An option to avoid the high capital costs of a liquefaction plant could be a smaller and less expensive compressed natural gas operation in Alaska, said a 2007 report on natural gas options for Hawaii. Compressed natural gas squeezes methane molecules into a smaller space but not nearly as tight as supercooled, liquefied natural gas. Transportation investments, however, would add up to more, since it takes more shipboard space and more voyages to deliver the same amount of gas.
But here, too, federal shipping laws are a problem. “Alaska would be a prime candidate for supplying CNG to Hawaii, assuming one could get an exemption from the Jones Act,” the report said.
With just 2,700 miles between potential LNG plant sites in Southcentral Alaska and Honolulu, Alaska certainly has a distance advantage over the Mideast nation of Qatar, the world’s largest LNG producer, and even Australia.
Alaska is the same distance as between Hawaii and the LNG plants proposed for Kitimat and Prince Rupert, British Columbia. To Canada’s advantage, however, the Canadian proposals are further along than Alaska’s plans. Several of the Canadian projects’ proponents say they could have their plants in operation before 2020.

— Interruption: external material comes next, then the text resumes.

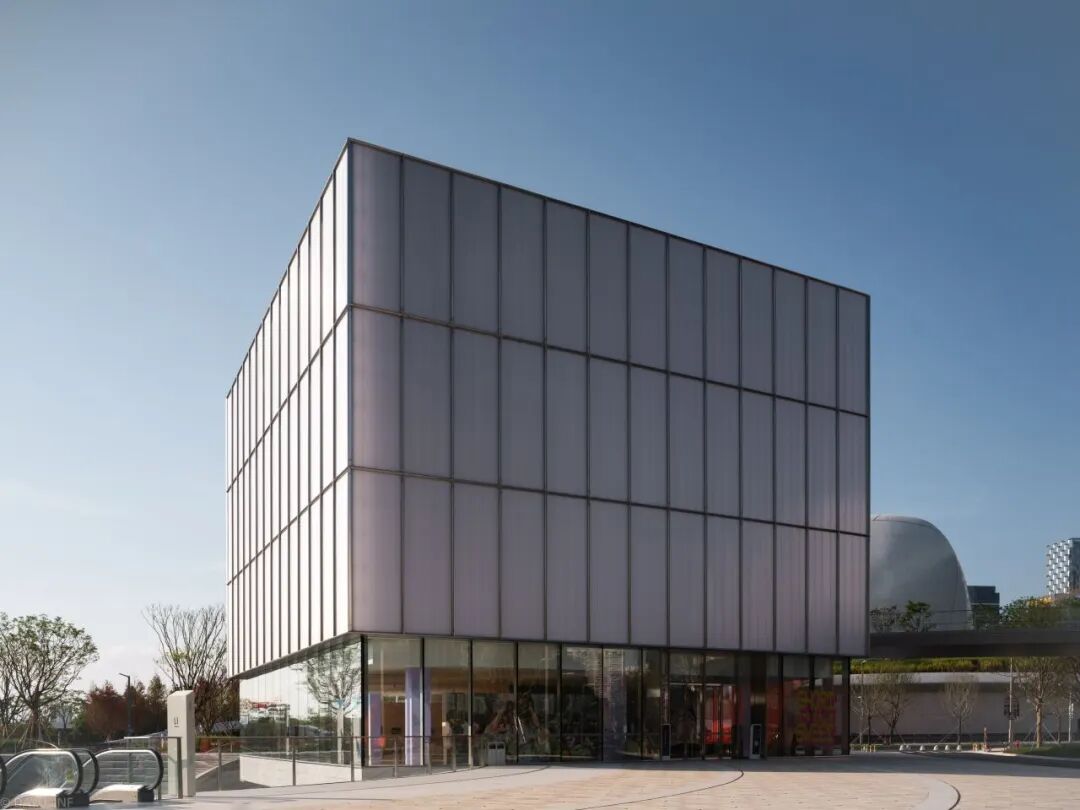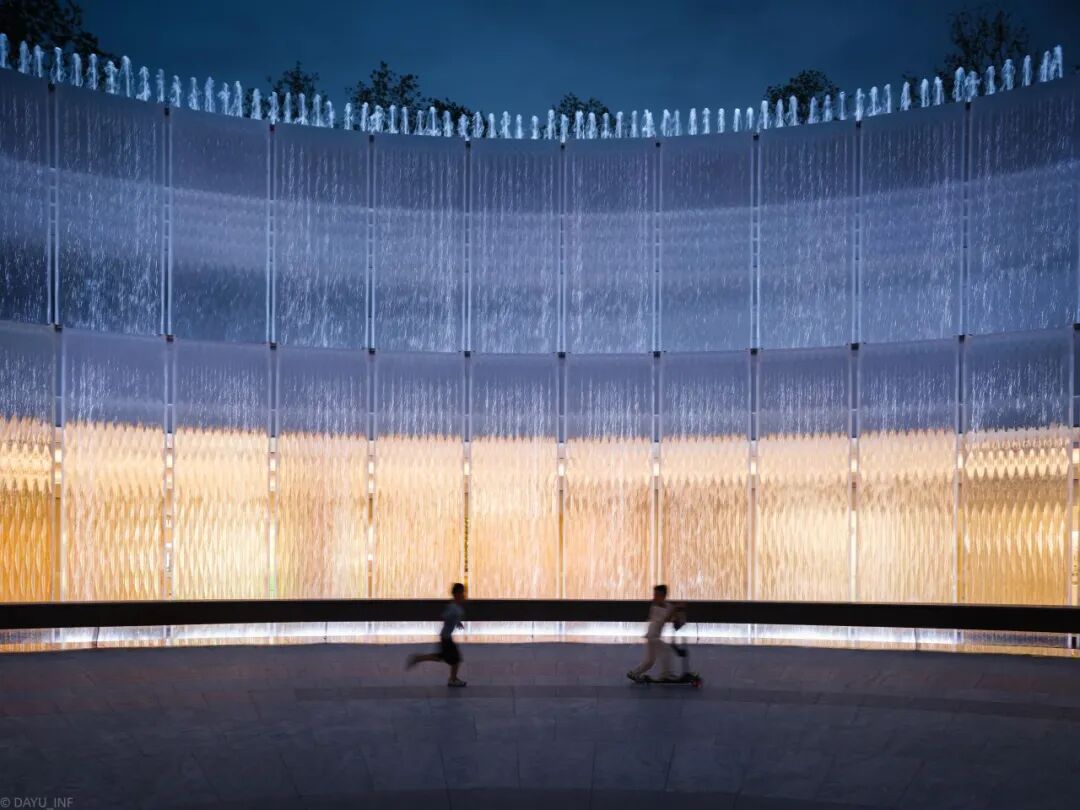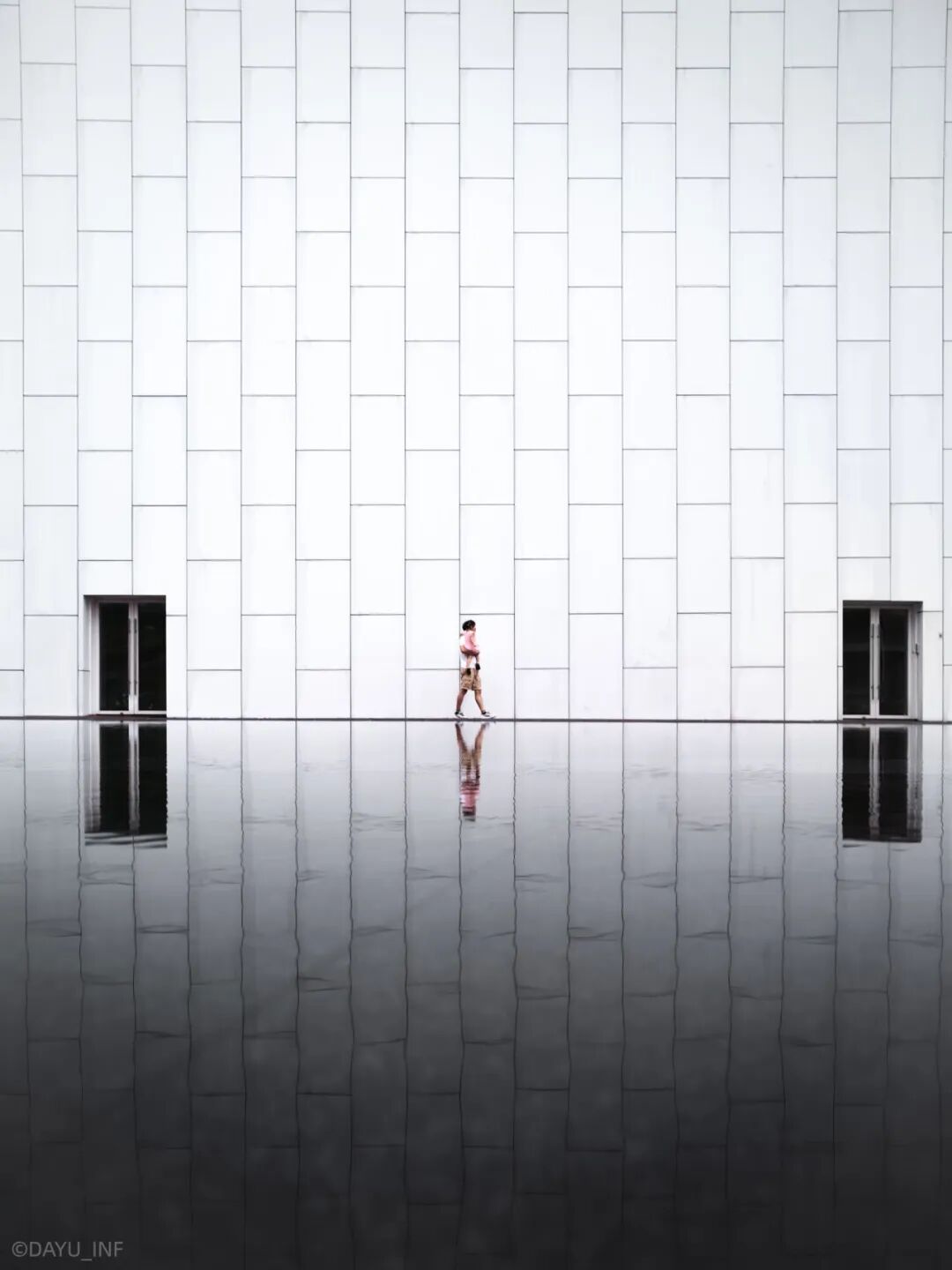 转战深圳光明艺术中心时,建筑外面布满了规则的白色板材,在水面的倒映下,更加充满韵律感,当一位年轻的父亲抱着他女儿走过,又为冰冷的建筑添加了温暖。

And there would be no Jones Act issues with Canadian LNG deliveries.
Another option for Hawaii might be to bring in LNG from the Gulf of Mexico. The advantage could be lower-cost U.S. shale gas. The disadvantage would be the 7,000-plus miles a tanker would have to travel to reach halfway around the world — and that’s after the expanded Panama Canal opens to traffic in 2014.
Still, shipments between Texas and Hawaii would trigger the Jones Act.
Relaxing the Jones Act has been debated over the years without achieving any change. The issue has arisen again, especially with interest in lower-cost U.S. Gulf of Mexico LNG deliveries to Hawaii and Puerto Rico — or maybe Alaska LNG deliveries to Hawaii.
About the author: Larry Persily runs a federal agency in Washington, DC, and Anchorage, Alaska, created by Congress to coordinate and assist with permitting for an Alaska natural gas pipeline project. Before being appointed to that post by President Barack Obama in 2009, Persily worked for more than a decade in Alaska on oil and gas issues for three governors and the Alaska state legislature.